- **Given records**:
■ ■ ■ ■

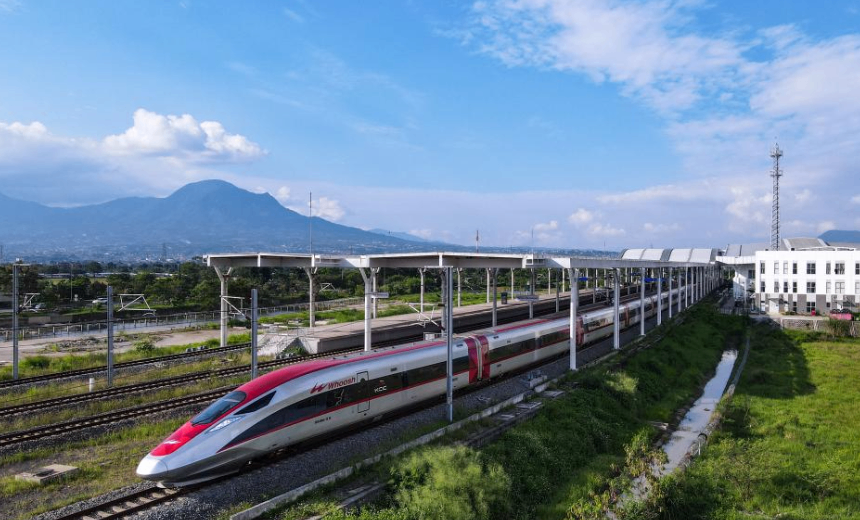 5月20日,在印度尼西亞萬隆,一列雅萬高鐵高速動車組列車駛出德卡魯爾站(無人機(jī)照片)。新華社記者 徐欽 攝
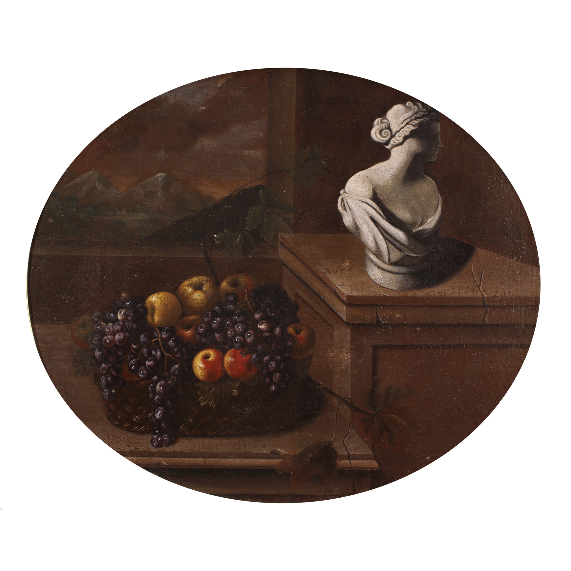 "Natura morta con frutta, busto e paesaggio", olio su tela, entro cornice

■ ■ ■ ■

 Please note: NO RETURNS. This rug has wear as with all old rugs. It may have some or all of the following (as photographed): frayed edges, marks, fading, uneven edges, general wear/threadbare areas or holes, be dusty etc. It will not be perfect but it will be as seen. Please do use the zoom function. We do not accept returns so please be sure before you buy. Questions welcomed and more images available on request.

■ ■ ■ ■

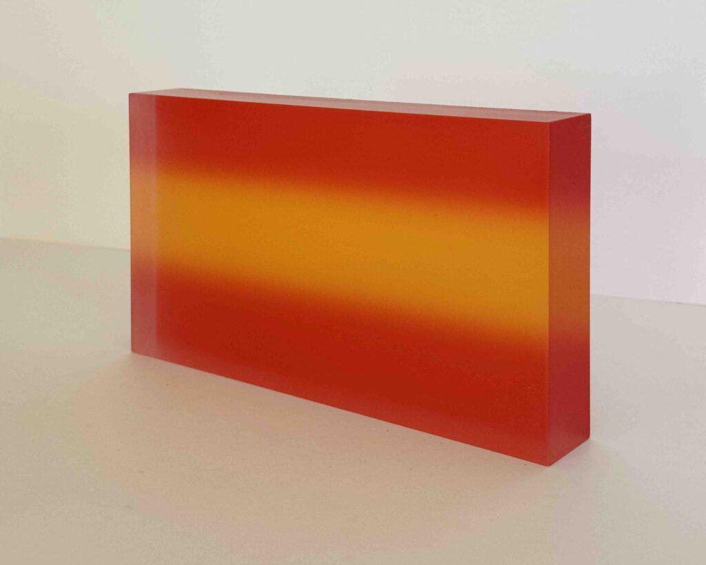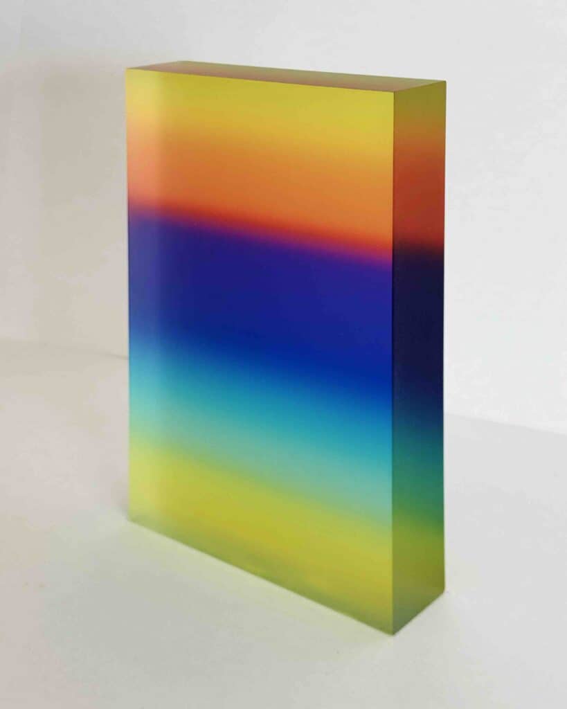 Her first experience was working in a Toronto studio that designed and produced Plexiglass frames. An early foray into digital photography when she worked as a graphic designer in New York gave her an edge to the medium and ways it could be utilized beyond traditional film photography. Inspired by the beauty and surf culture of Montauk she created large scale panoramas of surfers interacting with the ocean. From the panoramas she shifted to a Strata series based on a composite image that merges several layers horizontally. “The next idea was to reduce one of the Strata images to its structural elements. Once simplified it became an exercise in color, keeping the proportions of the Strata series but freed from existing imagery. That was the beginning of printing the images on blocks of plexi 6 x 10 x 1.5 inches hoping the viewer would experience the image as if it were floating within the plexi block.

■ ■ ■ ■

- **Work to complete**: With the pictures omitted, restate word for word the lines above from the line that has "5月20日,在印度尼西亞萬隆,一列雅萬高鐵高速動車組列車駛出德卡魯爾站(無人機(jī)照片)。新華社記者 徐欽 攝" up to and including the line that has "tela, entro cornice", and no other lines.

- **Reply**:
 5月20日,在印度尼西亞萬隆,一列雅萬高鐵高速動車組列車駛出德卡魯爾站(無人機(jī)照片)。新華社記者 徐欽 攝
 "Natura morta con frutta, busto e paesaggio", olio su tela, entro cornice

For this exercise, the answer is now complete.